Image by Flickr user fuzzcaminski

Image by Flickr user Fuzzcaminski

One of the minor stories of yesterday was that a bunch of progressive political bloggers have an email list.  Ok, yes, Ezra Klein did organise it.  There’s been a lot of discussion about whether it’s an ok concept, whether it creates an echo chamber.  I’ll leave that to the professionals and Mickey Kaus (riow).  Google it: there’s heaps out there.

I have no problem with the concept.  In fact, I think it’s wonderful.  It means people like Klein and Yglesias can instantly access experts on a range of topics, and thus efficiently research and produce really good quality material for their blogs.  It also means their ideas are often refined by the input of others by the time we read them.

But here’s my problem with the whole thing:

One of the wonderful things about blogging is that is a fairly democratic medium.  Most people, in the US and Australia at least, have access to the necessary equipment to build a blog.  Klein and Yglesias started as bloggers while they were at college, and are now professionals.

Now, they have access to this amazing resource.  The problem is: I don’t.

Nor do any of the other aspiring-bloggers I know.  I am trying, on the periphery of a job and uni, to research and write interesting political commentary.  If I want to write about Pakistan, I have to research a heap about Pakistan.  And even then, when I post my blog, it’s in first or second draft mode.  My ideas are refined by comments (when I get them) or they’re not.  And all that is fine.

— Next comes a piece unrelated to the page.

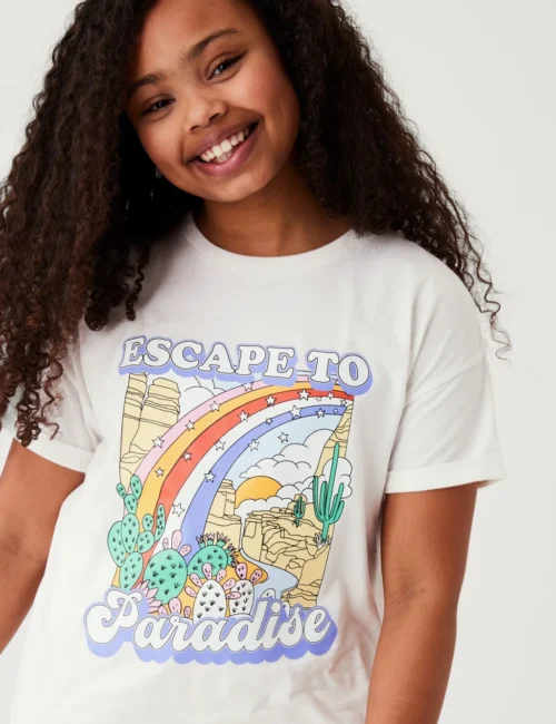 Pure Cotton Palm Graphic T-Shirt (6-16 Yrs)

But now blogging is rapidly becoming less egalitarian.  By restricting access to really great resources designed specifically to improve blogging, it ensure new blogs face yet another hurdle in gaining trafffic.  But not only that, they face difficulties in learning about the medium.

It’s not so relevant for me, really: I’m blogging about stuff far outisde their interest most of the time, and I have my own, slowly-developing means of developing ideas.  If I were a young, bright, liberal American political blogger, I might be royally pissed off that I am at such a distinct disadvantage.  It’d be a shame if the world of influential blogging was effectively restricted to a privileged few- much as newspapers are- instead of being a place where the talented prosper.

Also, please note: I am in no way criticising the invention of the JournoList, or doubting Klein’s ingenuity in founding and moderating it.  Goodness knows I rarely speak a negative word about Klein (except glib).  I’m just a little concerned a haves-and-have-nots culture could develop in the blogosphere- beyond the have-traffic-and-don’t-have-traffic dichotomy.